Yedioth Ahronoth, September 6, 2022
Russian archeologists at Astrakhan State University have completed excavations in the Kamyzyaksky District, where they claim to have found Atil, the lost capital of the Khazar Khaganate, a Turkic kingdom located on the Eurasian steppes during the Medieval age, between the 7th and 11th centuries. The Khazar Kingdom was situated on the silk road, a main global trade route, making it an important trade hub. Archeologists discovered thousands of unique artifacts that suggest that the site may indeed be the kingdom’s lost capital. One of the findings was a drawing of what appears to be a menorah. According to some Muslim and Jewish sources, the Khazars, or at least some of them, converted to Judaism in a series of mass conversions. The scope of these conversions, their dates, and the reasons behind them remain a mystery even today.
Haaretz, September 8, 2022; Maariv, September 8, 2022; Hamevaser, September 8, 2022
A letter written in ancient Hebrew dating back to the First Temple period was recently returned to Israel. Archaeologists dated it to the same period as two other documents in the Israel Antiquities Authority’s Dead Sea Scrolls collection. The script on the extremely rare, ripped document starts with “To Ishmael send…” hinting that it is a fragment of a letter. It was probably found in the Judean Desert caves. According to a press release, Prof. Shmuel Ahituv, an ancient Hebrew script scholar, found a photograph of the rare and unknown document, which led to a joint operation by the Israel Antiquities Authority, the Culture and Sport Ministry and the Jerusalem Affairs and Heritage Ministry to find it. The document was traced to a man in Montana, USA, who agreed to part with it after visiting the Israel Antiquities Authority Judean Desert Scroll Department’s Conservation Laboratory in Jerusalem. He explained that it was given to his mother, a devout Christian, on a visit to Jerusalem in 1965, by a well-known antiquities dealer. Dr. Joe Uziel, Director of the Israel Antiquities Authority Judean Desert Scrolls Unit, said: “Each new document sheds further light on the literacy and the administration of the First Temple period.”
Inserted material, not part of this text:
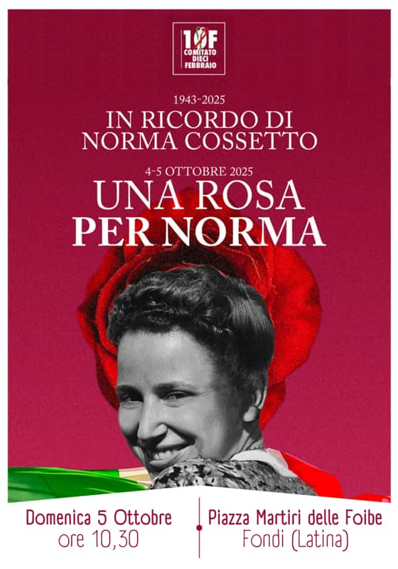 Deporremo una rosa e racconteremo la sua vita e la sua tragica fine, luminosa testimonianza di coraggio e amor patrio. Medaglia d’Oro al Merito Civile conferita nel 2005 dal Presidente della Repubblica Carlo Azeglio Ciampi, Norma sarà ricordata in Piazza Martiri

Yad L’Achim has released a video warning IDF soldiers of “missionary soldiers and officers wearing a mask of deceit and lies to conceal their true identity” who were “drafted after receiving special training on how to preach Christianity in the army.” According to Yad L’Achim, the need for the cautionary film became evident after they revealed the existence of an “evangelical combat order for the messianic soldier,” that was put out by the Tzofen organization, that “explains to members of the Messianic Jews cult how to preach Christianity to soldiers.”
Shacharit, September 6, 2022; Kol Hair Bnei Brak, September 7, 2022; Mazav Haruach, September 9, 2022
As mentioned in previous reviews, Yad L’Achim announced that they have persuaded a “senior Israeli missionary” to returns to Judaism. The man in question, Adam Ayish, explained in an interview how he became a member of a Messianic congregation after “they sold him a lie and a fraud,” when he was young and confused. He claimed that he started questioning the Messianic faith after watching anti-Missionary videos and talking to Yad L’Achim activists. He further claimed that when he tried to approach his pastors about his doubts, they instructed him never to speak to religious Jews who understand Christianity. Last week, Rabbi Binyamin Vulcan, head of counter-missionary activity at Yad L’Achim, took Adam to the Rabbis of Safed who blessed him with kind words, after which he laid tefillin for the first time in 10 years.